Coast KZN

19 Apr 2022

Tons of plastic collected on Durban coast

Danica Hansen (Berea Mail) Picture: Danica Hansen. Tons of plastic pollution entangled in the post-flood debris.

As masses of plastic pollution and debris washed up on Durban beaches, volunteers pitched in to help clean up the coastline. Among the teams collecting refuse is Adopt-a-River, a non-profit-organisation that facilitates partnerships between the corporate sphere, government and community role players to keep local water ways clean.

The team, continues to clean up beaches, today, April 19, working their way southwards from Blue Lagoon Beach.

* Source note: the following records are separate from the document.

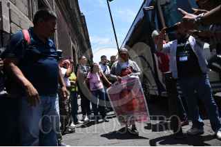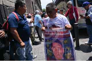 CIUDAD DE MÉXICO, 03JUNIO2024.- Los padres de los normalistas desaparecidos esperan entrar a Palacio Nacional para reunirse con el presidente. FOTO: DANIEL AUGUSTO/ CUARTOSCURO.COM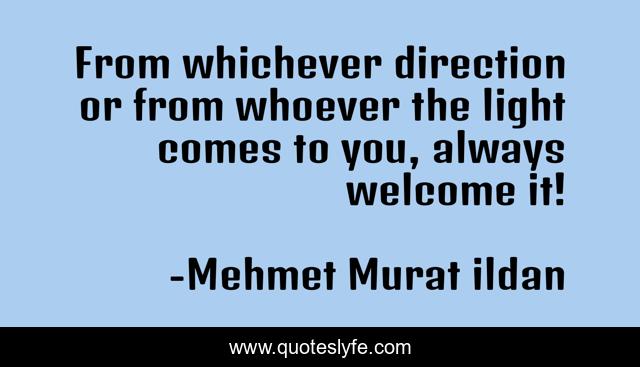 This page presents the quote "From whichever direction or from whoever the light comes to you, always welcome it!". Author of this quote is Mehmet Murat ildan. .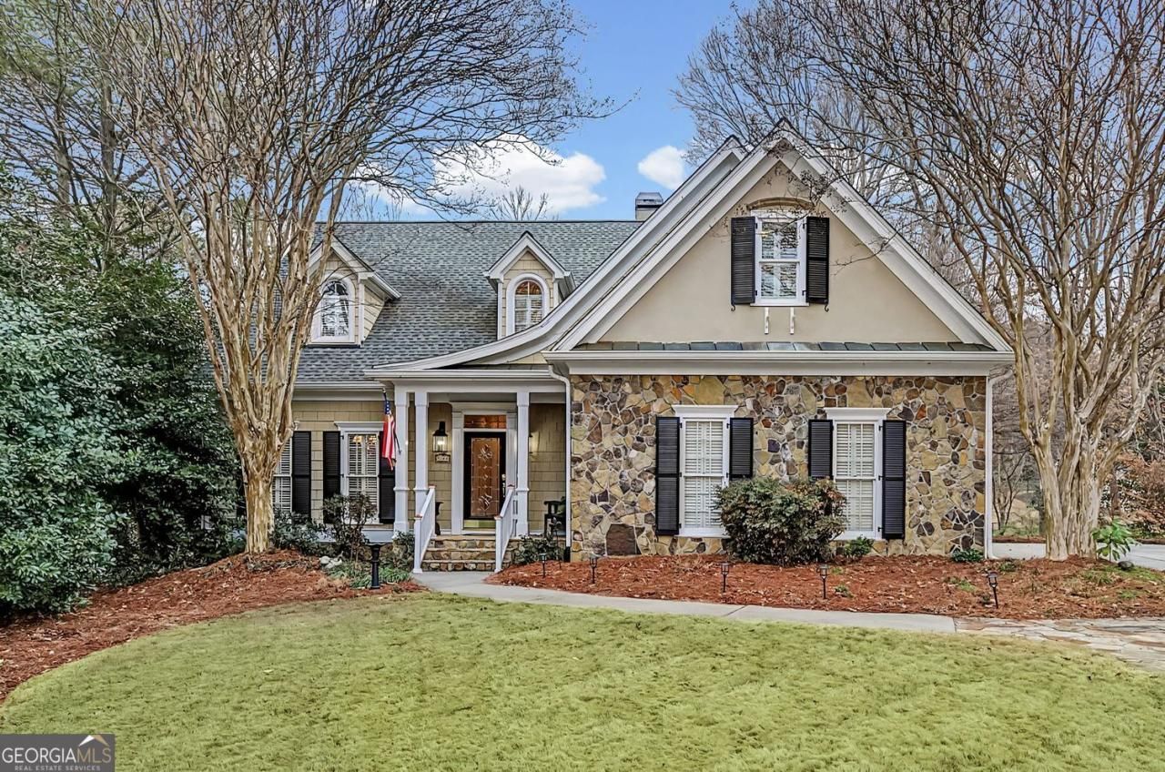 Edit mortgage details for a more accurate paymentTucked at the end of a quiet cul-de-sac in an active swim/tennis community-just steps from the Swim/Tennis Club-this Southern Living floorplan blends timeless architecture with an inviting, functional layout. The stone and shaker-style exterior, flat driveway, and charming front porch create a warm welcome. Inside, soaring ceilings highlight the two-story foyer and family room, flowing seamlessly into the kitchen, breakfast area, and sunroom. The kitchen features stained wood cabinetry, stainless steel appliances, gas range, warming drawer, and a tall pantry cabinet-classic style with room to personalize. A separate dining room easily hosts large gatherings. The main-level primary suite is a true retreat with a double-sided gas fireplace shared with the family room, private deck access, and a spacious bath with dual vanity, frameless shower, jetted tub, water closet, and walk-in closet. The screened porch-complete with bed swing and wired for TV and speakers-overlooks the backyard and extends the living space outdoors. Upstairs, a catwalk overlooks the living space below and leads to generously sized secondary bedrooms. Two bedrooms share a bath, while an oversized third bedroom (an ideal junior suite) includes an ensuite and dual walk-in closets. The unfinished basement mirrors the home's full footprint, with ceiling height that will still feel spacious and open once finished, and includes a reinforced interior room, offering incredible potential for future expansion. Step outside to a covered patio, grassy play area, and wooded natural backdrop. Hardwood floors span the main level, new carpet is upstairs, and plantation shutters are throughout. Major updates include a 2023 roof, 2024 HVAC components, and a 2022 deck extension. The seller is including a prepaid one-year swim/tennis membership to help you settle right into the neighborhood this summer. A well-designed home with space, character, and opportunity! Tour it today and imagine the possibilities of making it your own.

Janet Simpkins of Adopt-a-River, said they have collected more than a ton of PET (Polyethylene terephthalate) plastic alone. They started cleaning up on Wednesday, April 13 and by Thursday, had collected three full skip loads of PET. This weighed in at more than one ton, a figure that continues to rise. The Adopt-a-River team was assisted by volunteers in the community to sort plastic from the debris for recycling.

“We are separating PET from the remainder of the plastic and trying to salvage polystyrene to send to various waste recycling plants. We have been showing volunteers the different types of plastic and asking them to separate it- it makes a big difference if we can send the plastic to the right places, so it’s not all going to landfill,” she said.

Simpkins explained that PET plastic refers primarily to cooldrink bottles. This includes clear, brown and green bottles, but excludes white milk jugs, yoghurt containers and other plastic containers.

The Adopt-a-River team sent PET recycling to Planetcare Durban and the remainder of the plastic to a waste beneficiation centre in KwaMashu.